Your objective
All lines from the opening of the material up to and including the line with "Разные типы турниров" should be transcribed exactly, pictures excepted.

Data segment
BEGIN

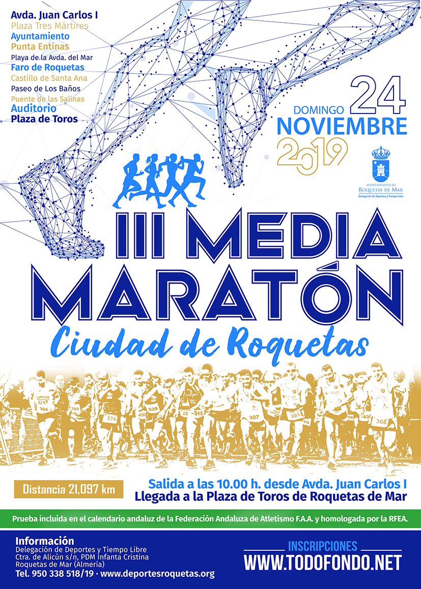 Concursos de fotografía y animación por primera vezAdemás, el Área de Deportes y Tiempo Libre ha tenido la iniciativa de establecer dos concursos para dinamizar y generar un ambiente festivo de la carrera. Se trata de una competición de animación `Animando a la Media Roquetera´ y otra de fotografía `Concurso de Fotografía Media Maratón Ciudad de Roquetas´.
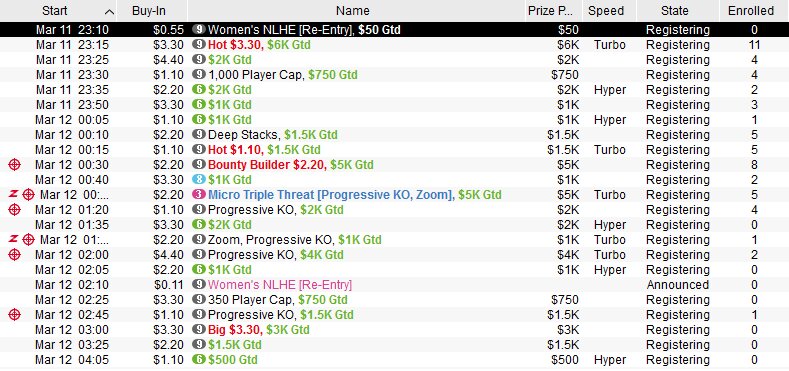 Разные типы турниров в лобби отличаются цветами для сортировки. Например, красным выделены ежедневные Hot, Big, Bounty Builder, а фиолетовым — турниры только для женщин.
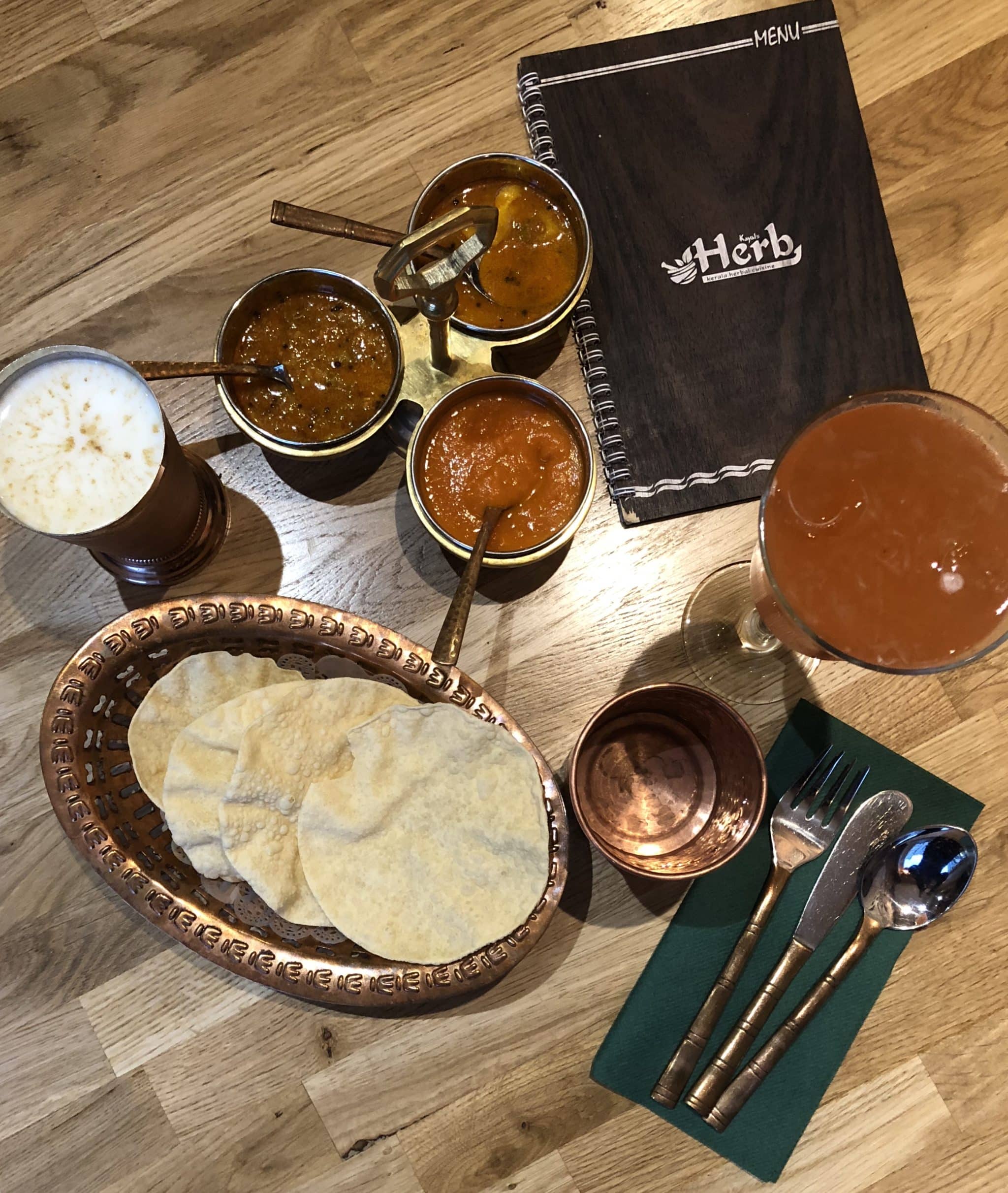 Vegetarian Keralan food at Herb Leicester, cutlery and menu with copper cup in the background

END

Reply to the task
 Concursos de fotografía y animación por primera vezAdemás, el Área de Deportes y Tiempo Libre ha tenido la iniciativa de establecer dos concursos para dinamizar y generar un ambiente festivo de la carrera. Se trata de una competición de animación `Animando a la Media Roquetera´ y otra de fotografía `Concurso de Fotografía Media Maratón Ciudad de Roquetas´.
 Разные типы турниров в лобби отличаются цветами для сортировки. Например, красным выделены ежедневные Hot, Big, Bounty Builder, а фиолетовым — турниры только для женщин.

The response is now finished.